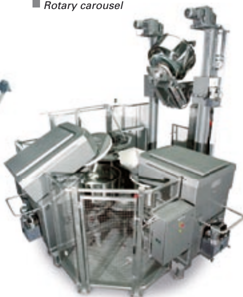
■ Rotary carousel
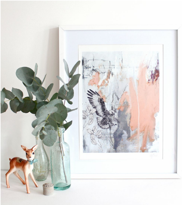
JACKAL BUZZARD A3 Size ... SSA3P03 A2 Size ... SSA2P03
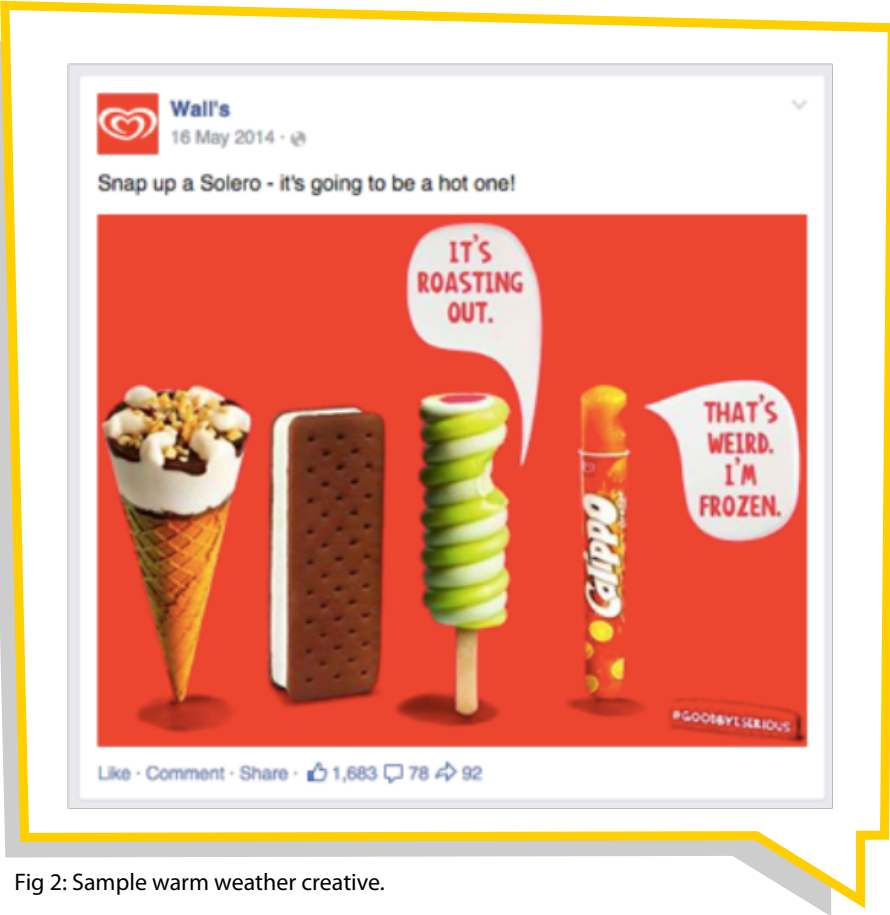
Fig 2: Sample warm weather creative.

We had material ready for cultural moments that allowed us to express our mischievousness.
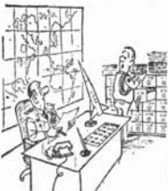
"Are we supposed to have six inter-continental satellites aimed at Moscow, Idaho?"
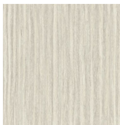
Impressions Alaskan 334 Nuance Finish
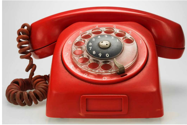
a red telephone
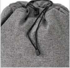
DRAWSTRING SECURELY CLOSSES THE MAIN COMPARTMENT
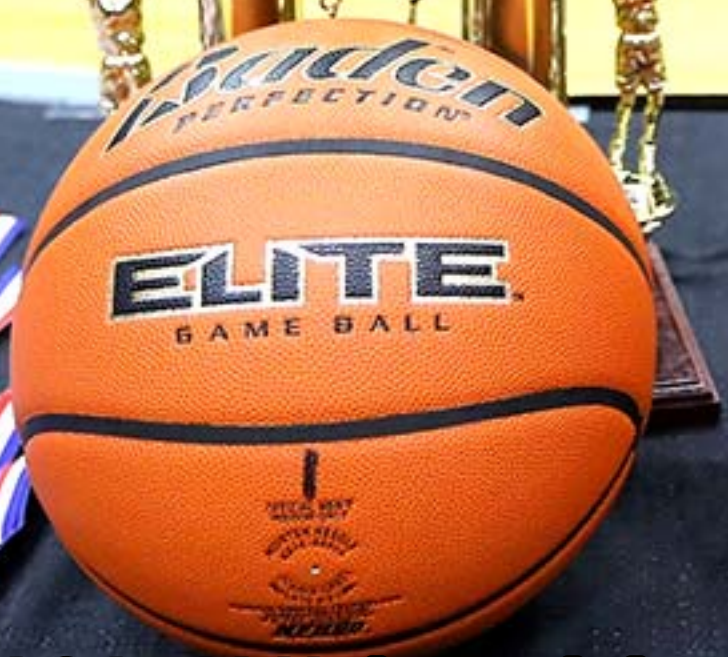
Hawaii High School Athletic Association 2019 Division II Boys Basketball Record Book
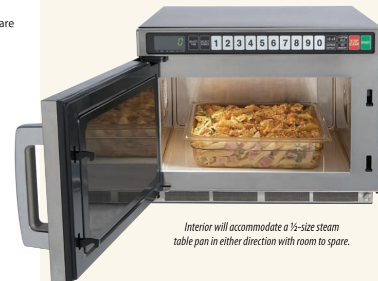
Interior will accommodate a 1/2-size steam table pan in either direction with room to spare.

With larger capacities and higher output wattages, these models are designed to work hard and keep long hours. They're the perfect help in your kitchen.
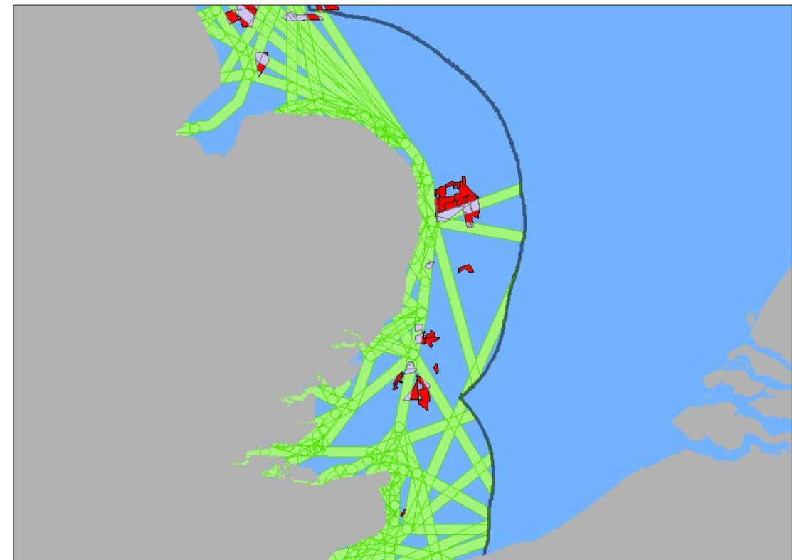
D: The location of dredging areas in relation to the route network for the East Coast of England.
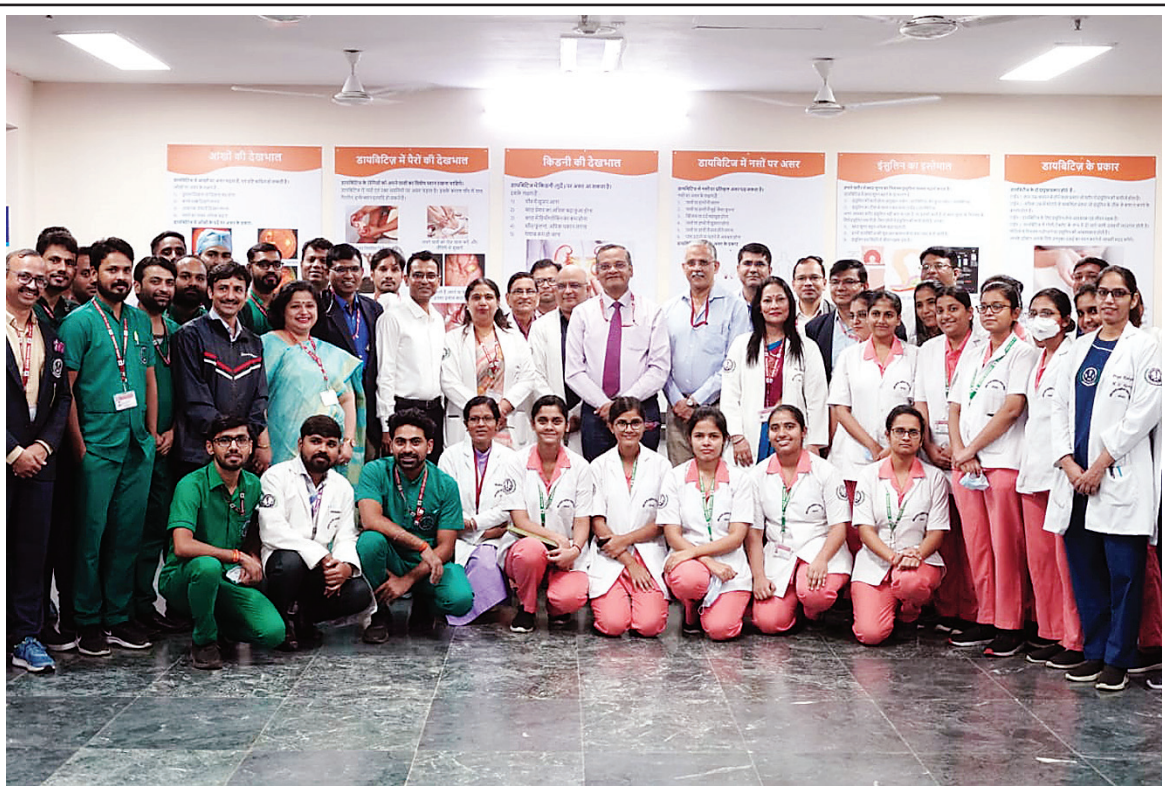
AIIMS Bhopal released educational material on the occasion of World diabetes day

It is to be known that the Congress government had fallen only because the Congress MLAs left the Congress under the leadership of Union Minister Jyotiraditya Scindia and joined the BJP.
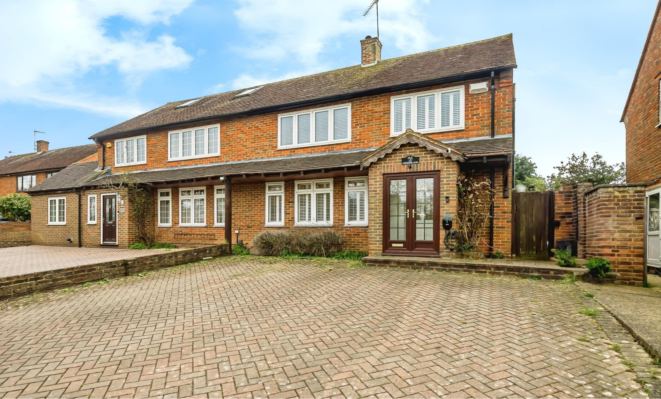
Farnham Lane, Slough SL2 2EW
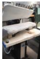
Reference: CUM-024 Iron Industrial Machine Year: - Brand: Pantex Width: -
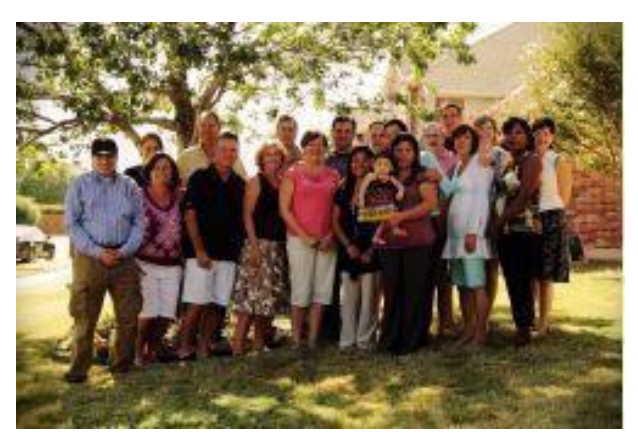
Family Portrait: A graduated Sister in Dallas, TX and her Table.

Each Table is hosted by a congregation (up to three congregations may share a Table). A required team of volunteers (10-12 people help an adult or family and 6-7 help a young adult transitioning out of foster care or a veteran) serve over an 8 – 12 month period. Tables generally meet once a week and often at a lesser intensity as the work progresses. Table members are primarily generalists, work as teams and also provide leadership for important life domains (see Open Table model diagram). A national team of volunteer Open Table Coaches train a volunteer Congregation Coordinator in each faith community to lead the model and launch Tables.

WHAT TO WORK ON
Beginning with the first line of the material above, please output each line exactly through the line that contains "DRAWSTRING SECURELY CLOSSES", and only those, leaving out pictures.

REPLY TO THE TASK
■ Rotary carousel
JACKAL BUZZARD A3 Size ... SSA3P03 A2 Size ... SSA2P03
Fig 2: Sample warm weather creative.

We had material ready for cultural moments that allowed us to express our mischievousness.
"Are we supposed to have six inter-continental satellites aimed at Moscow, Idaho?"
Impressions Alaskan 334 Nuance Finish
a red telephone
DRAWSTRING SECURELY CLOSSES THE MAIN COMPARTMENT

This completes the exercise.